While such regulation through disclosure hovers with a relatively light touch, self dealing rules become more onerous as transactions become more significant. Shareholder approval is requisite for specific transactions with directors, or connected persons, when the sum of money either exceeds 10% of the company and is over £5,000, or is over £100,000 in a company of any size. Further detailed provisions govern loaning money. On the question of director remuneration where the conflict of interest appears most serious, however, regulation is again relatively light. Directors pay themselves by default, but in large listed companies have pay set by a remuneration committee of directors. Under section 439, shareholders may cast a vote on remuneration but this "say on pay", as yet, is not binding.

==Duty to promote company success==
In 2002 and in advance of changes to company legislation, the government issued a white paper on Modernising Company Law which suggested that
the basic goal for directors should be the success of the company in the collective best interests of the shareholders, but that [the] directors should also recognize, as the circumstances require, the company's need to foster relationships with its employees, customers and suppliers, its need to maintain its business reputation, and its need to consider the company's impact on the community and the working environment".

Under section 172 of the act, directors must "promote the success of the company for the benefit of its members as a whole" (or, if the company has restricted objects, for the promotion of those objects). This somewhat nebulous provision created significant debate during its passage through Parliament, since it goes on to prescribe that decisions should be taken in the interests of members, with regard to long term consequences, the need to act fairly between members, and a range of other "stakeholders", such as employees, suppliers, the environment, the general community, and creditors. Many groups objected to this "enlightened shareholder value" model, which in form elevated the interests of members, who are invariably shareholders, above other stakeholders. During the 2000s, the United Kingdom has reoriented its system of corporate law around that objective.

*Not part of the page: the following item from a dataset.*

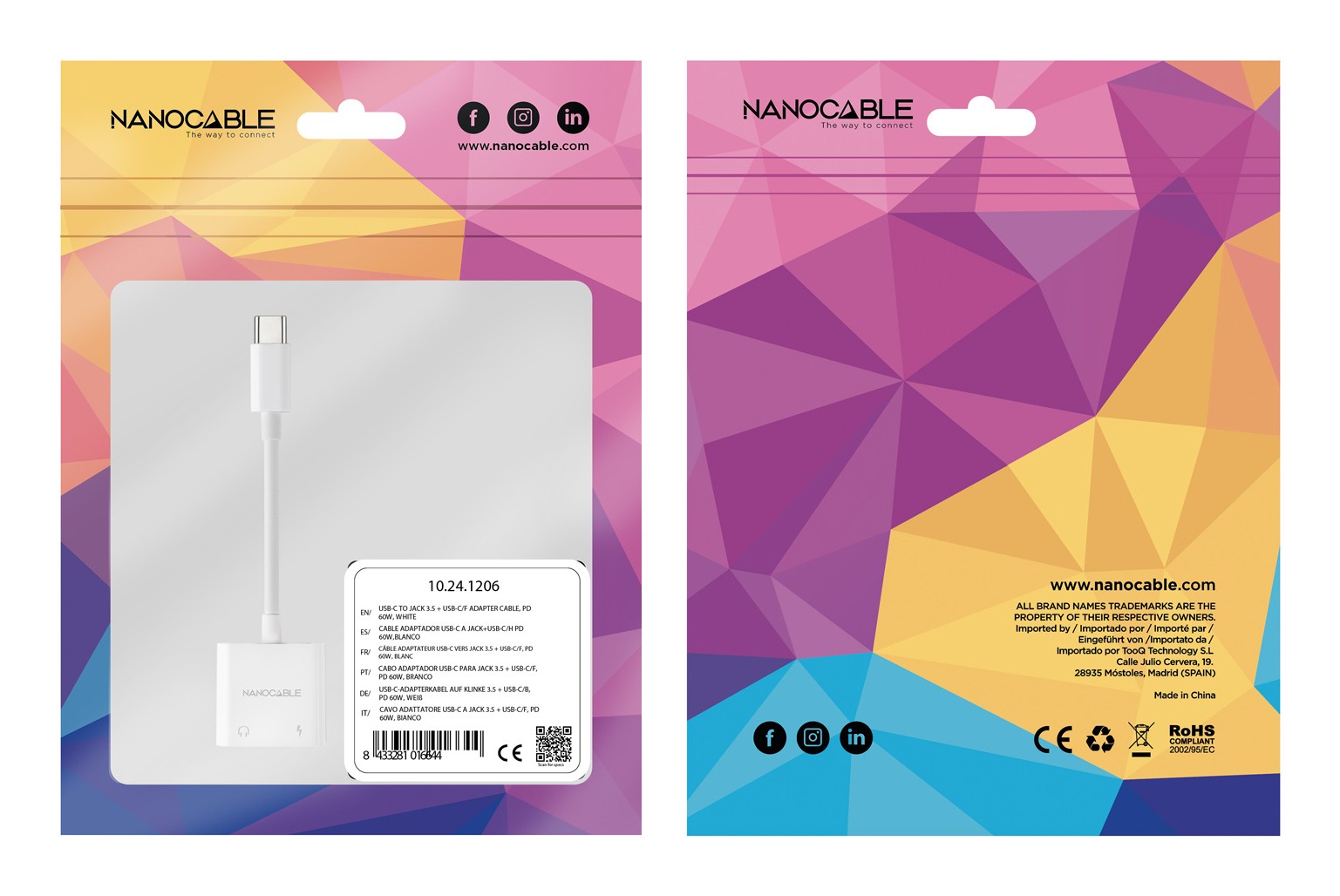 Nanocable 10.24.1206. Tecnologia di connessione: Cablato, Interfaccia host: USB 3.2 Gen 1 (3.1 Gen 1) Type-C, Fornitura di alimentazione USB fino a: 60 W. Colore del prodotto: Bianco, Paese di origine: Cina. Tipologia alimentazione: USB, Connettore di alimentazione: USB tipo-C, Lunghezza cavo USB: 0,115 m. Quantità per pacco: 1 pz, Larghezza imballo: 180 mm, Profondità imballo: 10 mm

However, the duty is particularly difficult to sue upon since it is only a duty for a director to do what she or "he considers, in good faith, would be most likely to promote the success of the company". Proof of subjective bad faith toward any group being difficult, directors have the discretion to balance all competing interests, even if to the short term detriment of shareholders in a particular instance. There is also a duty under section 173 to exercise independent judgment and the duty of care in section 174 applies to the decision making process of a director having regard to the factors listed in section 172, so it remains theoretically possible to challenge a decision if made without any rational basis. Only registered shareholders, not other stakeholders without being members of the general meeting, have standing to claim any breach of the provision.

Section 172's criteria are useful as an aspirational standard because in the annual Director's Report companies must explain how they have complied with their duties to stakeholders. Also, the idea of whether a company's success will be promoted is central when a court determines whether a derivative claim should proceed in the course of corporate litigation.